From: Developing an online hate classifier for multiple social media platforms
Challenge | Description |
---|---|
False positive problem | False positives occur when a model detects a non-threatening expression as hateful content due to the presence of some words/phrases as a feature. For example, a tweet such as “Bill aims to fix sex-offender list’s inequity toward gay men” can be labeled as hateful whereas, in reality, it is not an offensive expression but a simple statement |
False negative problem | False negatives include cases when the model detects a threatening expression as non-threatening. For example, a keyword detector could correctly detect “I fucking hate Donald Trump”, but ignore “Donald Trump is a rat”. In reality, both of these expressions can be considered hateful |
Subjectivity | The datasets can involve subjectivity arising from several sources.
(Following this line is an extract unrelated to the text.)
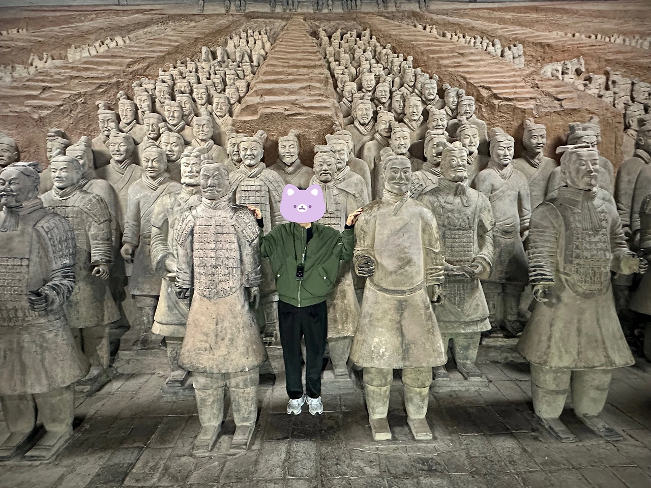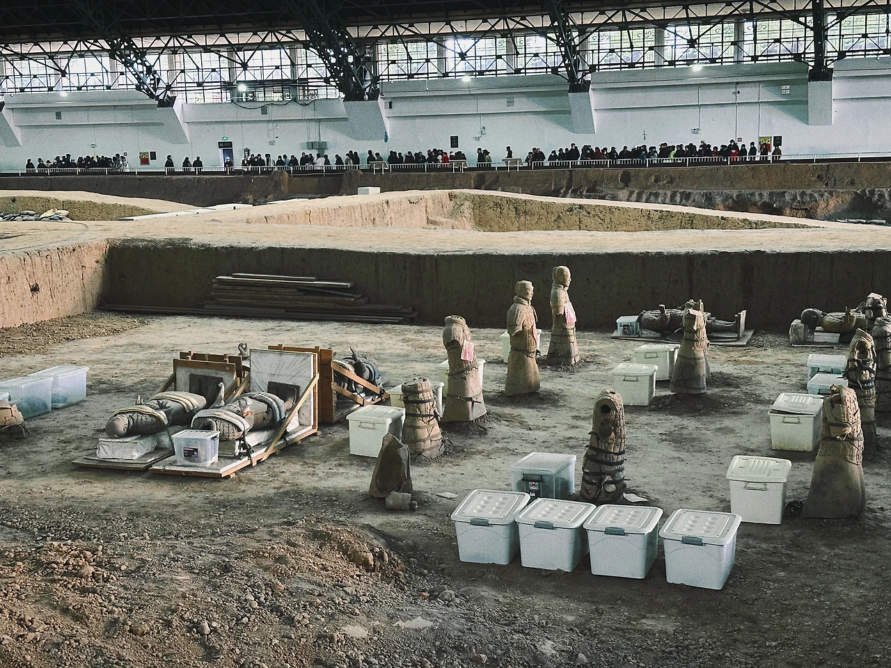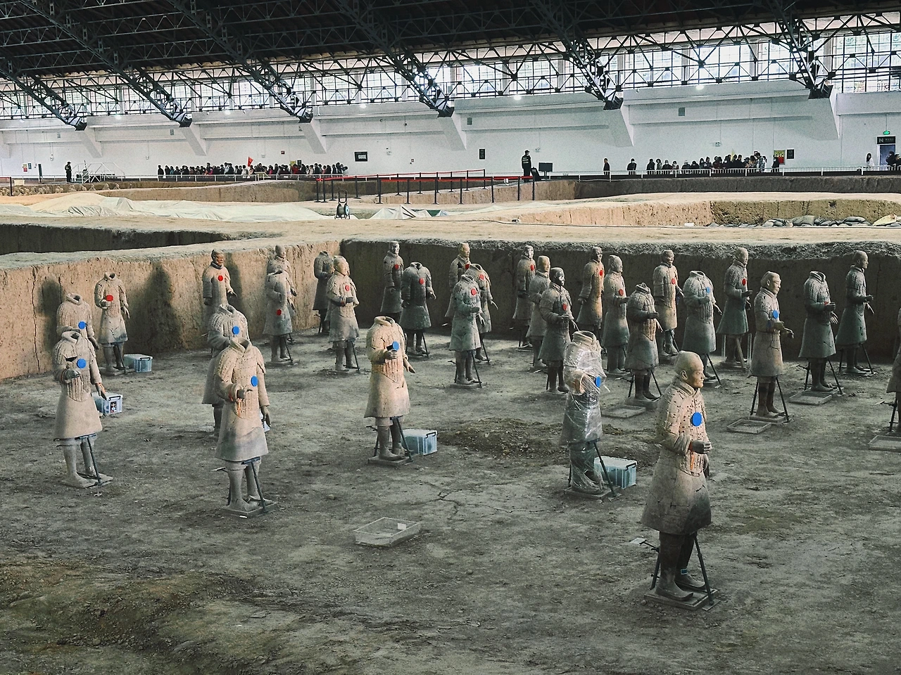 도착했을 때 긴 대기 없이 바로 입장할 수 있었고, 병마용 갱에 들어서자 어마어마한 규모의 발굴 현장이 펼쳐졌다. 이곳은 현재도 발굴이 진행 중이며, 그래서 시안 대학교 고고학과가 유명해 우수 학생들이 실제 현장 실습을 나온다고 한다.

Crowd raters may not understand context or follow instructions. There can be high disagreement of what constitutes hate and various biases, such as racial bias [66, 110], can occur when constructing ground truth datasets. Sarcasm and humor further exacerbate the problem, as individuals’ ability to interpret these types of language greatly varies |
Polysemy | Polysemy, i.e., the same word or phrase having a different meaning in different contexts (e.g., social media community or platform) can greatly complicate the detection of online hate, as it introduces contextuality that the model should be aware of |